私はきっと、皆さんと一緒に、平和を掴み取るのです
「葵っ!!どうゆうことだっ!!」
「だって、しょうがないでしょ!?好きなんだもん。」
僕は、隠しといたギャルゲーをお父さんに発見されてしまったのだ。
「何?趣味があっちゃいけないわけ?」
「趣味があるのは悪くない。だがっ!こうゆうものはどうかと思うぞ。」
その言葉に、僕はカチンときた。何も知らないくせに、ミカを、ゲームをけなすなんて許せなかった。
「こんな家、もう出てってやるっ!」
僕は、ゲームを抱いて駆け出していた。
「葵っ!?待っ!」
庭を出る前に疲れてしまったが、どうにか家の前の森まで行った。森に入ったころには、日が沈んで暗くなっていたが、森の奥に潜り込んだ。
そして、そこに座ってゲームの電源を付けた。
「お兄ちゃん何やってるの?」
12階のボス戦に挑もうとしたところで、小さい女の子に話しかけられた。

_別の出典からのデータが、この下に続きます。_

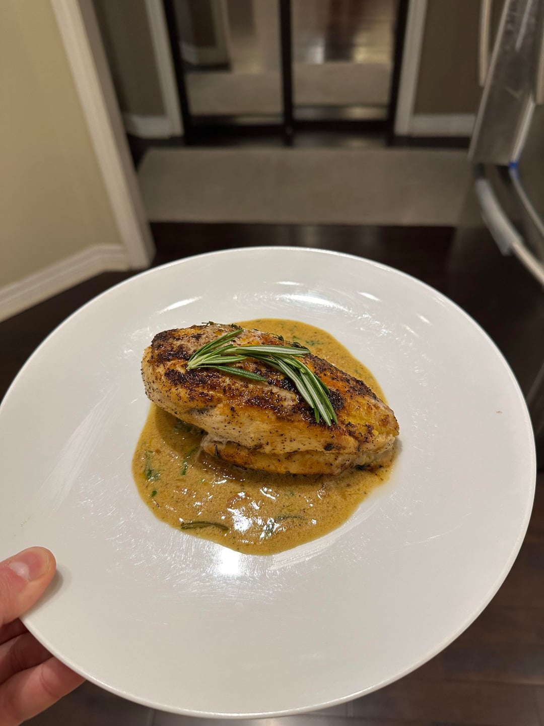 Starting to teach myself how to cook: pan roasted chicken breast with a Dijon mustard pan sauce by Shtangss Dinner Tonight Tonight's Dinner

お兄ちゃんか。いい響きだ。
「君は?」
「お父さんが意地悪するからね、逃げて来ちゃったの。」
「意地悪?」
「あのね、瑠美のゲーム取ったの。で、バカって言って走って来ちゃったの。それで、ここに隠れてるんだ。」
似てるな、僕と。やっぱ、こんな小さい子と同じようなことだったんだ。
「ねぇ、お兄ちゃんってお兄ちゃん?」
「は?」
「瑠美の方がお姉ちゃん?」
「何歳?」
「7!」
7歳か、じゃあ3つも年下じゃん。失礼だなぁ。
「ボクは10歳だもん。」
「!!」
驚かれた!失礼だなぁ。
「お兄ちゃんは何でここでゲームしてんの?」
「僕も君と一緒。」
「あっ、あのさ。じゃあさ。一緒にお城に行かない?」
興味のある話だった。城には近づくなと言われていて、行ってみたかったからだ。
「いいね。」
「夜のうちに行こう。瑠美、道知ってるの。」
僕は、瑠美ちゃん?の後を、素直に追った。
「お兄ちゃん、こっから見えるよ。」
「ホント?」
木の陰から覗くと、近くに巨大な城が見えた。
「ほら、ね。」
「ホントだ。」
「中まで行っちゃう?」
「大丈夫なの?」
「瑠美に任せて。」
本当に大丈夫なのかな。
「心配しないで。見っかっても大丈夫だから。」
そうゆうこと!?見つからずに行けるんじゃなくて、見つかっても、大丈夫って?
「行くよっ!」
「待って。」
僕は、走り出した瑠美ちゃん?を追って、走り出した。
「何だお前ら。」
僕よりちょっと年上くらいの、少年に見つかった。
「おじさんは?」
「誰がじじぃだっ!」
おじさん…。くすくす。ふっふふ。
「俺は永希だ。王の子なんだぞ!」
王子?えっマジで…。
「お父さんってうざくないの?」
何!?それ。まぁ、多分…この子も僕達と同じ考えだろうな。